CN101079596A - Broadband Low Noise Amplifier - Google Patents

Abstract

A broadband low noise amplifier comprises an antenna, an LC filter, a first-stage low noise amplification circuit, a coupling circuit, a second-stage low noise amplification circuit and a radio frequency blocking circuit. The antenna receives the RF signal and transmits it to the LC filter for noise filtering. Then, the RF signal is transmitted to the first stage of low noise amplifier. After the radio frequency signal is amplified by the first-stage low-noise amplifying circuit, the radio frequency signal is coupled to the second-stage low-noise amplifying circuit through the coupling circuit to carry out signal amplification processing again. When the RF signal is amplified, the RF blocking circuit is used to prevent the high frequency signal generated by the internal circuit of the low noise amplifier from interfering with the RF signal, so as to ensure the amplification gain and avoid the generation of distortion.

Description

Broadband Low Noise Amplifier

technical field

The invention relates to a wide-band low-noise amplifier, in particular to a wide-band low-noise amplifier which utilizes a filter circuit and a radio-frequency blocking circuit in a two-stage amplifying circuit to filter out noise.

Background technique

Due to the popularization of communication electronic products, most consumer electronic products are required to have the function of wireless communication, and the communication bandwidth is also required to have the ability of broadband communication due to the needs of various audio-visual technologies, so as to meet the needs of consumers for various The demand for audio-visual entertainment functions.
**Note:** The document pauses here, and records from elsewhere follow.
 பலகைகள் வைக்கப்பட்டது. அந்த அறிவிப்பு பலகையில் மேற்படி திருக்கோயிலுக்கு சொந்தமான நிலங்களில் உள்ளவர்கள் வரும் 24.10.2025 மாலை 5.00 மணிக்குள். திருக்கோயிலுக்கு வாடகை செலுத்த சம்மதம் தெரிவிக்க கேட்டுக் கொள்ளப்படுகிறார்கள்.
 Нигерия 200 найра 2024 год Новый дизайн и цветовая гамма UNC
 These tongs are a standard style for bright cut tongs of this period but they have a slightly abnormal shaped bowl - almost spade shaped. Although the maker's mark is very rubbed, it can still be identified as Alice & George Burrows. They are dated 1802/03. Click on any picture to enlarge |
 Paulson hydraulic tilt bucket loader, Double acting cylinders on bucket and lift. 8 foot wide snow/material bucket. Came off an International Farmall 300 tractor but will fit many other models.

And when communication electronic products receive signals through wireless communication, it is necessary to ensure that the wireless signals are not disturbed by noise. Due to the limitation of transmission power, the wireless signal received by the receiving end of communication electronic products is usually very weak. At this time, communication electronic products often use a low noise amplifier (Low Noise Amplifier, LNA) to amplify the received wireless signal and filter out the noise of the wireless signal. The low-noise amplifier is usually used at the signal receiving end, connected to the antenna end, amplifies the received signal and filters out the noise, and then transmits it to the processing circuit of the radio frequency (Radio Frequency, RF) system for subsequent processing of the signal. However, general low noise amplifiers can only amplify and filter out noise for wireless signals in specific frequency bands. When the frequency band of the received signal shifts, the amplification and filtering performance of the low noise amplifier will be reduced, so that the signal gain of the received wireless signal is insufficient and the signal is distorted.
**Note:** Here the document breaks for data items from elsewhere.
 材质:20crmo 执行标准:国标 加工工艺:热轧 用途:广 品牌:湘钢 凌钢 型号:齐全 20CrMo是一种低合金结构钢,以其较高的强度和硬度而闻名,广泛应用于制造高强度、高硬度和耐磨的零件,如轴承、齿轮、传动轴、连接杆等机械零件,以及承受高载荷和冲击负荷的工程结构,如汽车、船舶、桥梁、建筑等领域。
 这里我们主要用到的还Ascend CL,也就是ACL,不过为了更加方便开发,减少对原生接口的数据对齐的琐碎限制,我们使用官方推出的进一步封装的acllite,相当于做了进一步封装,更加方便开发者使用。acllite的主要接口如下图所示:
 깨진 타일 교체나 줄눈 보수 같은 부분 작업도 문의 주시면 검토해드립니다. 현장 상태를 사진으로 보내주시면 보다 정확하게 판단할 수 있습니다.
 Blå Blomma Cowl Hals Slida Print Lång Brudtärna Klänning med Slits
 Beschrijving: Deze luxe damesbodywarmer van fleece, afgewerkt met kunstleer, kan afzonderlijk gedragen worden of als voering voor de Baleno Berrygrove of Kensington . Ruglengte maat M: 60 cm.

Therefore, it is necessary to propose a new technical solution to overcome the defects of the prior art, so as to increase the bandwidth range that the low noise amplifier can handle, increase the signal gain and reduce the signal distortion.

Contents of the invention

In order to overcome the above-mentioned deficiencies in the prior art, the object of the present invention is to provide a broadband low-noise amplifier, which uses a two-stage amplifying circuit to filter out noise through a filter circuit and a radio frequency blocking circuit, and improves signal gain and increases processable bandwidth range.
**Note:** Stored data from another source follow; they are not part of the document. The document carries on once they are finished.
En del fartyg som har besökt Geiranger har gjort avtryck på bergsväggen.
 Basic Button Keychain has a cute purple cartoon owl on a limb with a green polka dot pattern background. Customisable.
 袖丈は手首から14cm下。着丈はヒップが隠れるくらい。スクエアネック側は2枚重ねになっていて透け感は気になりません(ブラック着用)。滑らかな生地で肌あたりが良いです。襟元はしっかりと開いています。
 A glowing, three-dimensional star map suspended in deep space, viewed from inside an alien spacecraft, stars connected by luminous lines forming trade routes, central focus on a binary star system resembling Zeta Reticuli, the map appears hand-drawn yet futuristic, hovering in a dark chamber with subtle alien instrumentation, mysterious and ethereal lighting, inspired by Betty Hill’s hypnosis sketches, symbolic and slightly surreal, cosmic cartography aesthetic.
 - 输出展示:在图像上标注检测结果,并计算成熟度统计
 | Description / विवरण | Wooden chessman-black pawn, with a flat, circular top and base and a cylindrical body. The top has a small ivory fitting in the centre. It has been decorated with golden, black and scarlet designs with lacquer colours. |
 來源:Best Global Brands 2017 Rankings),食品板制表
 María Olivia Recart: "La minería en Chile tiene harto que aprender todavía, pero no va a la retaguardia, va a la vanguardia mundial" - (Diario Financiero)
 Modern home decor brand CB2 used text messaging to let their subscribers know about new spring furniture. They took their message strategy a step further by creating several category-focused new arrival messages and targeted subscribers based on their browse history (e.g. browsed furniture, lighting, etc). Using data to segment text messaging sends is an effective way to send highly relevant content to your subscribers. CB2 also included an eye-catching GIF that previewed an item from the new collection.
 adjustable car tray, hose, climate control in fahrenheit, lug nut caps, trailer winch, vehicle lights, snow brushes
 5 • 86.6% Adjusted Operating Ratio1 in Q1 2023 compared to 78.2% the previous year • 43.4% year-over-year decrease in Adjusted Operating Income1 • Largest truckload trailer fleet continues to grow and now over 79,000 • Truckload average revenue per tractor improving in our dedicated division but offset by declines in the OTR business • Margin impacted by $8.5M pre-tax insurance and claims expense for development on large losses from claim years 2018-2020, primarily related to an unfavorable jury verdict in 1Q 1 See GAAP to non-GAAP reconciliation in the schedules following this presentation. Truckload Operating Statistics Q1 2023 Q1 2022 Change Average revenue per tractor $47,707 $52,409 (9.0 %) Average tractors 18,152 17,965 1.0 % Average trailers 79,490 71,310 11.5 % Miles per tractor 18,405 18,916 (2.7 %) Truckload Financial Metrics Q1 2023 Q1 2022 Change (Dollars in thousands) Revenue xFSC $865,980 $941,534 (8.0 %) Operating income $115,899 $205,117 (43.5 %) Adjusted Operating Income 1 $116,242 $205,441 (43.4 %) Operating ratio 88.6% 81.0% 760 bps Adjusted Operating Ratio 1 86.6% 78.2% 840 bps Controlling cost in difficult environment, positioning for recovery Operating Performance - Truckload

To achieve the above object, the broadband low noise amplifier of the present invention includes an antenna, an LC filter, a first stage low noise amplifier circuit, a coupling circuit, a second stage low noise amplifier circuit and a radio frequency blocking circuit. The antenna is used to receive radio frequency signals in a specific frequency range and send them to the LC filter for noise filtering. Then, the radio frequency signal is sent to the first-stage low-noise amplifier circuit for amplifying the radio frequency signal. After the radio frequency signal is amplified by the first-stage low-noise amplifying circuit, it is coupled to the second-stage low-noise amplifying circuit through the coupling circuit for signal amplification processing again. When the first-stage low-noise amplifier circuit and the second-stage low-noise amplifier circuit amplify the RF signal, at the same time, the RF blocking circuit is used to prevent the high-frequency signal generated by the internal circuit of the low-noise amplifier from interfering with the RF signal. In order to ensure the amplification gain of the secondary low-noise amplifier circuit, and avoid the distortion of the radio frequency signal after the signal is amplified.

Therefore, compared with the prior art, the broadband low-noise amplifier of the present invention utilizes a filter circuit and a radio frequency blocking circuit in a two-stage amplifying circuit to filter out noise, increase the handleable frequency range, increase signal gain and reduce signal distortion.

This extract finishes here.